In the second study, scientists led by Claudio Forcato, PhD, head of the Bioinformatics Unit at Menarini Silicon Biosystems, captured, isolated, and sequenced circulating cancer cells from three patients with multiple myeloma*. They then looked for a genetic phenomenon called "loss-of-heterozygosity" (LoH), in which one of the two alleles that are normally found at a specific spot in the genetic code is lost. They found such LoH events in the cancer cells from all of the multiple myeloma patients. "Our results suggest that loss-of-heterozygosity may be pervasive in multiple myeloma, and may offer a prognostic and predictive biomarker for the disease," explained Dr. Forcato.

"These two new studies show how our technologies are advancing the understanding of cancers like metastatic breast cancer and multiple myeloma, and may lead to improved, more personalized treatment options for patients with these diseases," said Fabio Piazzalunga, President and CEO of Menarini Silicon Biosystems, Inc.

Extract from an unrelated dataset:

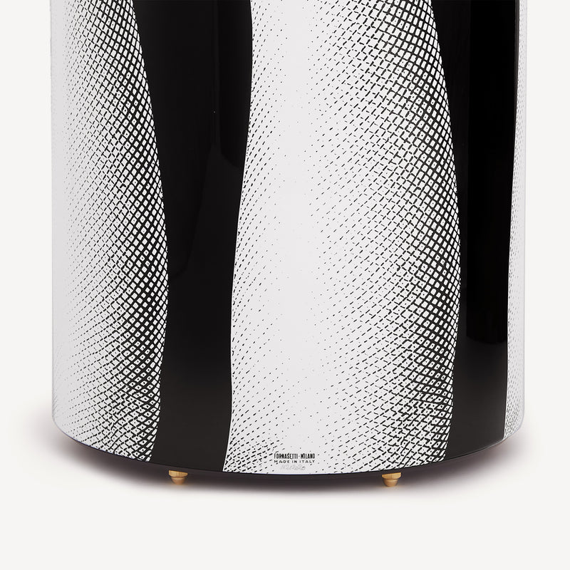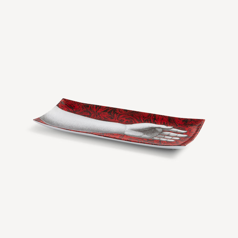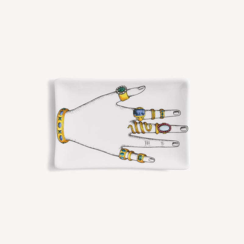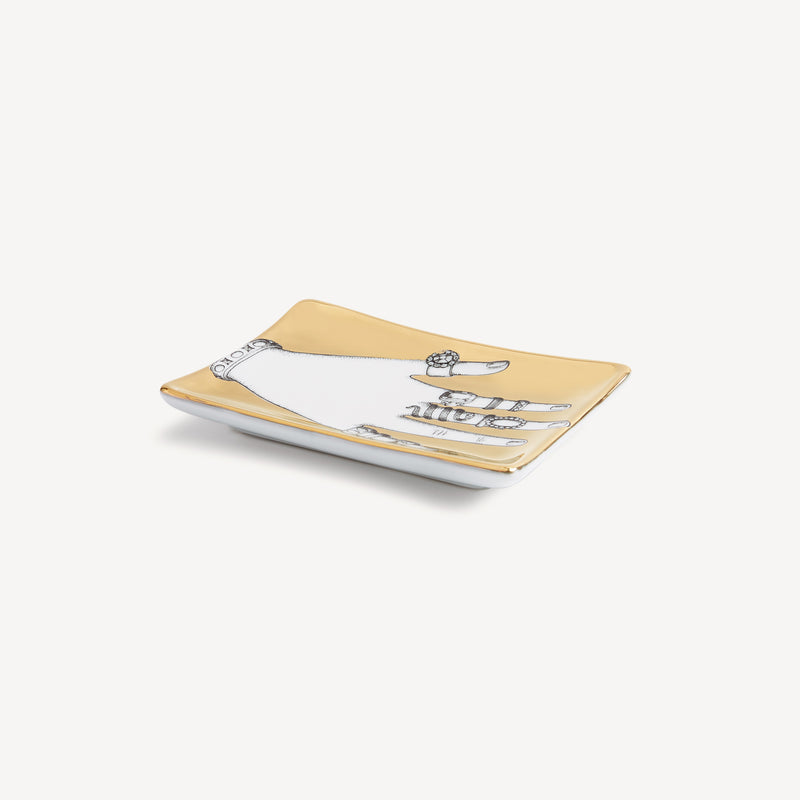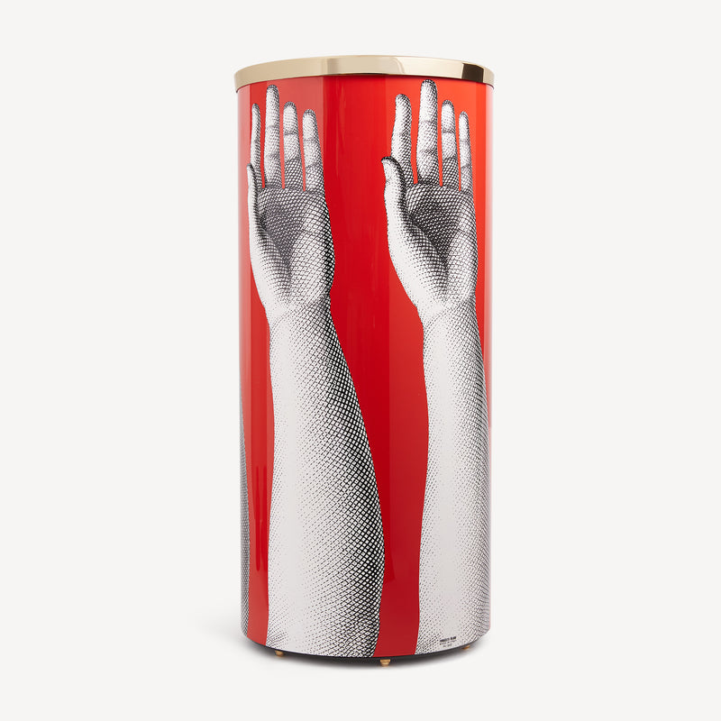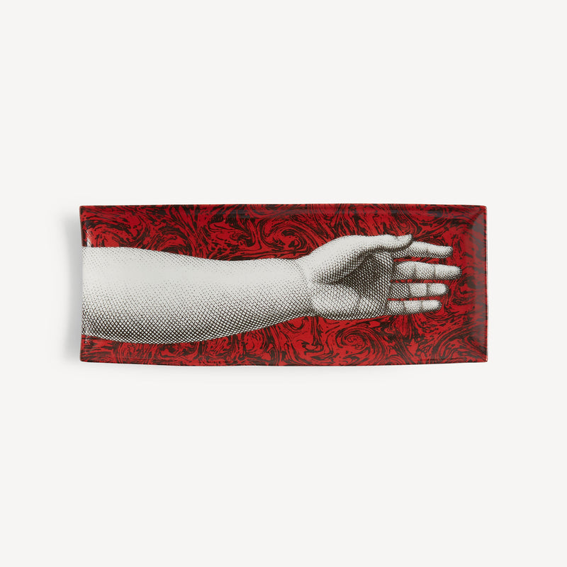Fornasetti’s talent is expressed through his hands: hands that draw and interpret what the imagination evokes; hands as a self-portrait and archetype of the artist; hands that define the details of the artisan tradition. From the “All’insegna delle dodici mani (Under the sign of twelve hands)” almanac, designed for Gio Ponti, and beyond, the hand is one of the Atelier’s icons.Graphic and refined, it celebrates a passion for lines and compositional designs by playing with repetition, rhythm and fragmentation. Fornasetti furniture, accessories and porcelain become grounds for straying beyond the boundaries of the tangible.

CELLSEARCH** is the first and only clinically validated blood test cleared by the U.S. Food & Drug Administration (FDA) for detecting and counting CTCs to aid physicians in managing patients with metastatic breast, prostate, and colorectal cancers when used in conjunction with other clinical methods of monitoring. The test is also approved by the China Food & Drug Administration for use in monitoring patients with Metastatic Breast Cancer (MBC). The CELLSEARCH System is the most extensively studied CTC technology, with research published in more than 650 peer-reviewed publications.

DEPArray NxT is an image-based digital cell-sorting and isolation platform that enables clinical researchers to conduct molecular analyses on live or fixed cells with single-cell precision.